GOAL OF THE EXERCISE.
Skip the images. Copy the records exactly as written.

SUPPLIED ENTRIES.
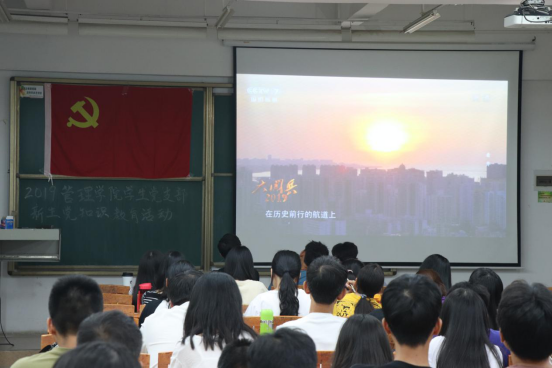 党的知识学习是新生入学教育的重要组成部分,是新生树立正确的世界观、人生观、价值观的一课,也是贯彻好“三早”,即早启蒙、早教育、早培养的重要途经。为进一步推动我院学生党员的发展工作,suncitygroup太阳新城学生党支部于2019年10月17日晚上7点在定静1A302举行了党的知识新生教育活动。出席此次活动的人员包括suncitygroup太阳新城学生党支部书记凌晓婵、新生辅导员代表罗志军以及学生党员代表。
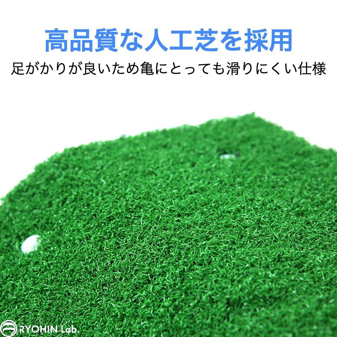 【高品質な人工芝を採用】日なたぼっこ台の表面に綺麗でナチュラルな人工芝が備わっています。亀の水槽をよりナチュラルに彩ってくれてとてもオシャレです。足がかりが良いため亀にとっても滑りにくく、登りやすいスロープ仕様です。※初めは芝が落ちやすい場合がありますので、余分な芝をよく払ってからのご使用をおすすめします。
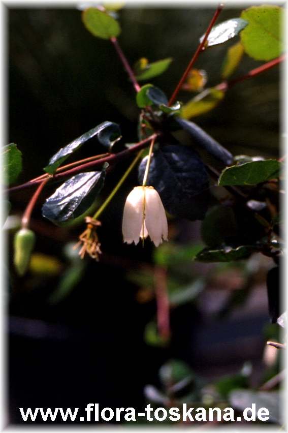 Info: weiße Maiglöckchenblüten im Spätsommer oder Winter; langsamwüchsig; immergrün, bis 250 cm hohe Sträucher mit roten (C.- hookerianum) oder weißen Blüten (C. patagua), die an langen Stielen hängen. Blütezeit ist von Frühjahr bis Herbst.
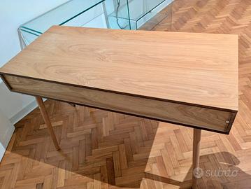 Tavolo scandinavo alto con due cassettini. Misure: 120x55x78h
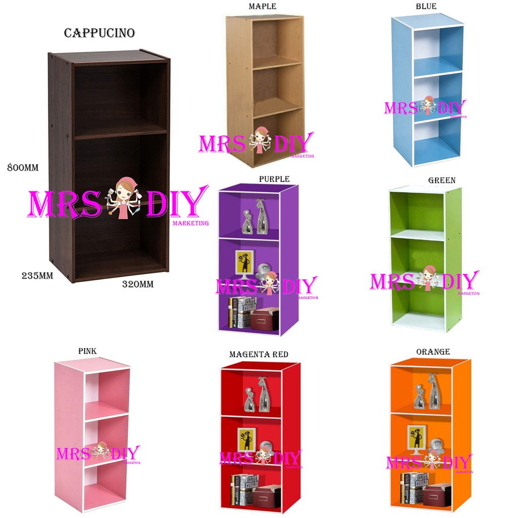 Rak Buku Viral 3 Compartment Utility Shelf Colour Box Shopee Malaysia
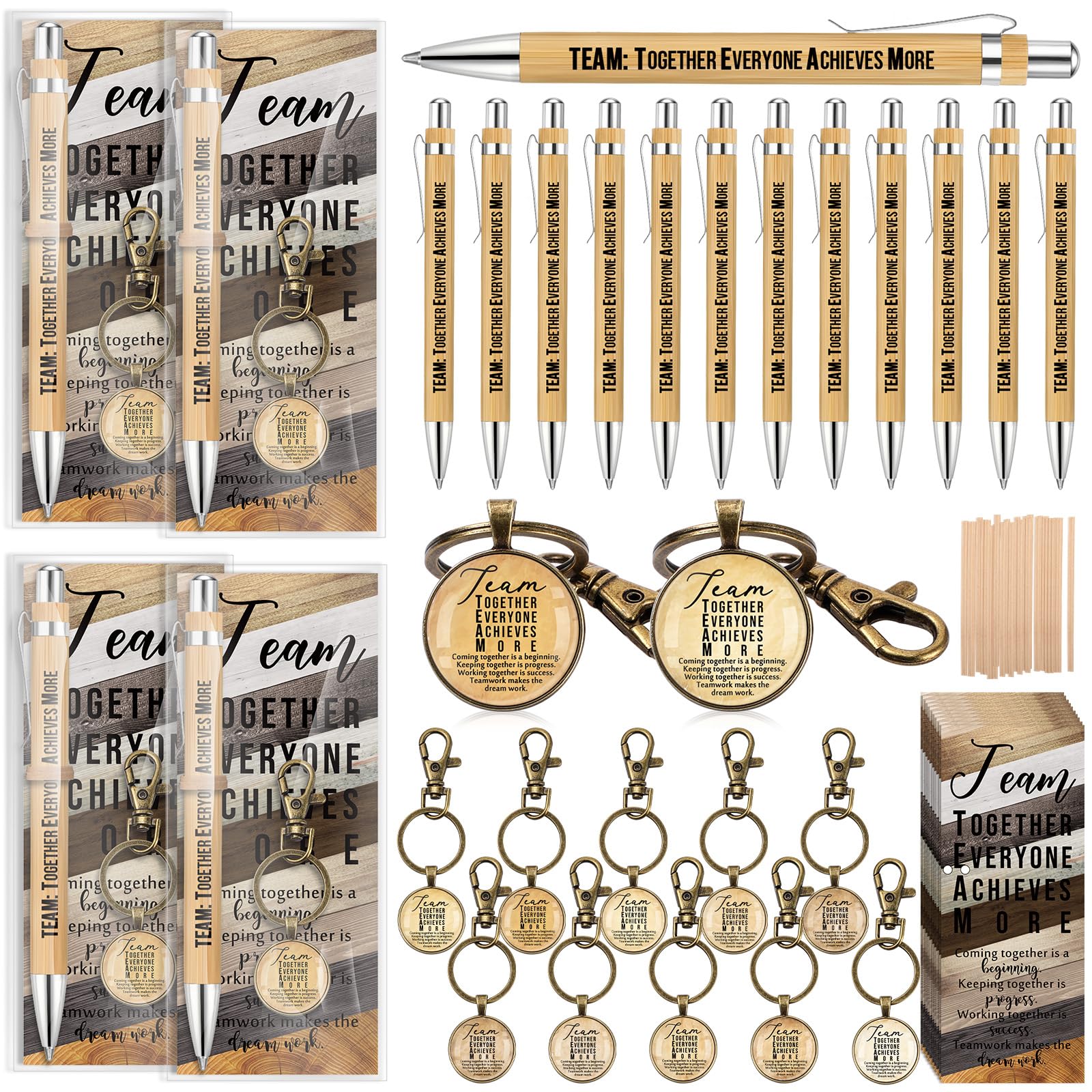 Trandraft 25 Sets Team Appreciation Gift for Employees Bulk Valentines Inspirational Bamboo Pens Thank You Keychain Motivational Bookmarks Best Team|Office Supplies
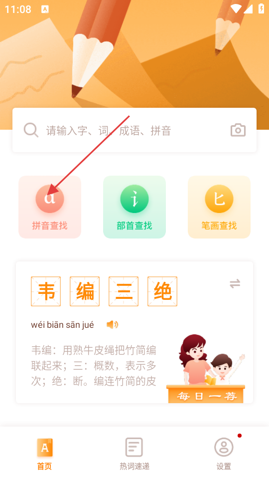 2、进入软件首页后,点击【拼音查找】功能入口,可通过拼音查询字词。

RESPONSE TO THE TASK.
 党的知识学习是新生入学教育的重要组成部分,是新生树立正确的世界观、人生观、价值观的一课,也是贯彻好“三早”,即早启蒙、早教育、早培养的重要途经。为进一步推动我院学生党员的发展工作,suncitygroup太阳新城学生党支部于2019年10月17日晚上7点在定静1A302举行了党的知识新生教育活动。出席此次活动的人员包括suncitygroup太阳新城学生党支部书记凌晓婵、新生辅导员代表罗志军以及学生党员代表。
 【高品質な人工芝を採用】日なたぼっこ台の表面に綺麗でナチュラルな人工芝が備わっています。亀の水槽をよりナチュラルに彩ってくれてとてもオシャレです。足がかりが良いため亀にとっても滑りにくく、登りやすいスロープ仕様です。※初めは芝が落ちやすい場合がありますので、余分な芝をよく払ってからのご使用をおすすめします。
 Info: weiße Maiglöckchenblüten im Spätsommer oder Winter; langsamwüchsig; immergrün, bis 250 cm hohe Sträucher mit roten (C.- hookerianum) oder weißen Blüten (C. patagua), die an langen Stielen hängen. Blütezeit ist von Frühjahr bis Herbst.
 Tavolo scandinavo alto con due cassettini. Misure: 120x55x78h
 Rak Buku Viral 3 Compartment Utility Shelf Colour Box Shopee Malaysia
 Trandraft 25 Sets Team Appreciation Gift for Employees Bulk Valentines Inspirational Bamboo Pens Thank You Keychain Motivational Bookmarks Best Team|Office Supplies
 2、进入软件首页后,点击【拼音查找】功能入口,可通过拼音查询字词。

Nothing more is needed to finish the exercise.